As far as I understand in conjugate reconstruction the hologram is not moving naturally as you move around it and is the reason for making both H1 and H2. That's why I would like not to use conjugate reconstruction.

"Look for the geometry called "Open Aperture Transmission" hologram or "Achromatic Transmission" hologram. If you can live with a very small viewing zone for the image, all you'll need is a huge table, a big fast imaging lens and lots of laser light. As the viewing zone gets bigger, the size of the table, laser, and especially the imaging lens get outrageous. That's why making a "master" hologram (H1) is such a great idea! You might consider a huge Fresnel lens for the imaging lens. Ron Olson had some good luck with one of those."

I have seen "Open aperture transmission" setups. It seems to me that then you need to record to object(image) close to hologram film. I would like to get good viewing zone as well.
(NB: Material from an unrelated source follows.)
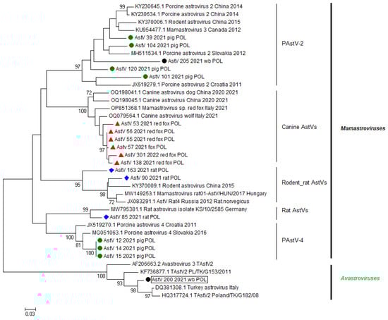 Phylogenetic relationship of nt sequences of astroviruses detected during this study with reference nt sequences available in GenBank database based on 320 bp fragment of RdRp gene. Phylogenetic tree was generated using the neighbor-joining method (Kimura2 parameter) as implemented in Mega5 software. Bootstrap values (1000 replicates) over 70%, indicating significant support for the tree topology, are shown next to the branches. All nt sequences of astroviruses detected during this study are highlighted with indicators: ●—porcine astroviruses, ▲—astroviruses detected in red foxes, ♦—astroviruses detected in rats, ●—included in a black box indicates Avastrovirus detected in wild boar.

One step transmission holography with lens

Posted: Thu Sep 30, 2010 2:37 pm
by BobH
Holox wrote: I have seen "Open aperture transmission" setups. It seems to me that then you need to record to object(image) close to hologram film. I would like to get good viewing zone as well.
Not necessarily. Good viewing zone, object far from plate, single step transmission hologram; looks like you're in for a VERY expensive hobby! Sell the Ferrari. Or consider a computer assisted system like those used by Zebra Imaging, Geola or RabbitHoles.

One step transmission holography with lens

Posted: Fri Oct 01, 2010 12:53 am
by Colin Kaminski
Couldn't you do this with a 30" spherical mirror and very few other optics? Woops, I forgot about the large field of view. So a 1.5 meter spherical mirror? :drool:

One step transmission holography with lens

Posted: Tue Oct 19, 2010 11:39 am
by JohnFP
If your eyes are close to the plate then you will also have a large viewing zone. And for transmission this works out fine as you can get close to look in the hologram and are not obstructing the reconstruction light. My favorite thing to do with any transmission hologram is to illuminate it with the laser and get as close as I can to look "in" the window as you can see every single detail, not only on the object(s) being hologram but any reflections or holograms of mounts, bases, tables blockers, etc. Just insure you dont get to close with relation to the reconstruction light and its angle as to blind yourself.